Many factors and stimuli affect the increase in the level of ethylene biosynthesis. Light, wounding, pathogen attacks, biotic and abiotic adversities, hypoxia, toxic chemicals and plant hormones such as auxins, brassinosteroids and cytokinin, and even ethylene itself, can auto-stimulate or auto-inhibit their own rate of production [
95,
110,
117]. The increase in the levels of ethylene during such adverse conditions could be the result of a biological trigger/alarm for the plant to initiate the reproductive cycle at the onset of environmental threats. This is why there is a correlation observed between the biosynthesis of ethylene and female flower production, which should lead to fruiting and seed development for the multiplication of its own species.
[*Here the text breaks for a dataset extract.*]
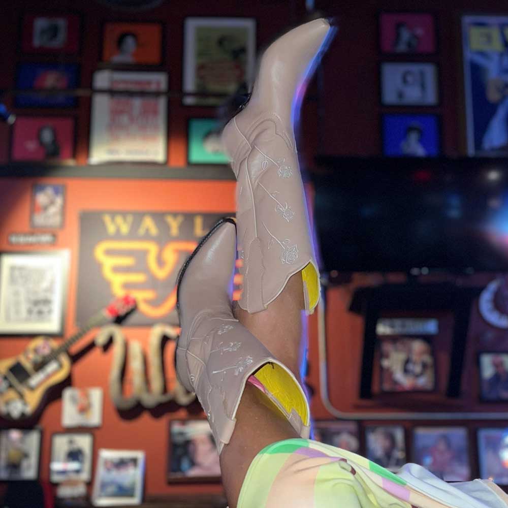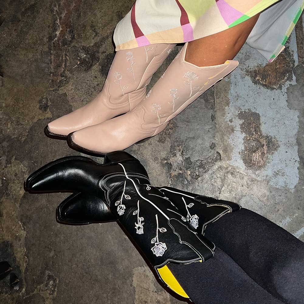 Nude Rose Embroidered Chunky Heel Mid-Calf Cowboy Boots for Women

At least sixteen (16) different
ACS and its homologues have been reported in cucumber on chromosomes 2, 3, 4, 5 and 6 (
Supplementary Table S3). However, after the previous reports accentuating the close association of gynoecy to the set of
ACS genes and their homologs in cucumber, we would like to confirm its role in these investigated accessions. Transcriptomic analysis of the same three samples, namely the female and the male parent with the F
1 hybrid employed in this study, has clearly indicated that
ACS was upregulated in the female parent (PC 2) and hybrid (PCH 1), whereas it was downregulated in the male parent (Sathur) (
Supplementary Table S4). This clearly depicted the role of
ACS in the development of female flowers through ethylene biosynthesis, and if this appropriate allele was introgressed into the male parents, it would certainly induce a gynoecious nature. The markers reported in this study (nucleotide variations based on GBS of two parents and their hybrid) are cross-validated across the published reports. Nevertheless, this mere fact may not strongly support any substantial relationship between the markers and the gynoecious phenotype. Furthermore, validation through quantitative trait loci (QTL) mapping or functional genomic analysis in the breeding materials that are generated using the parental lines reported in this study is obligatory.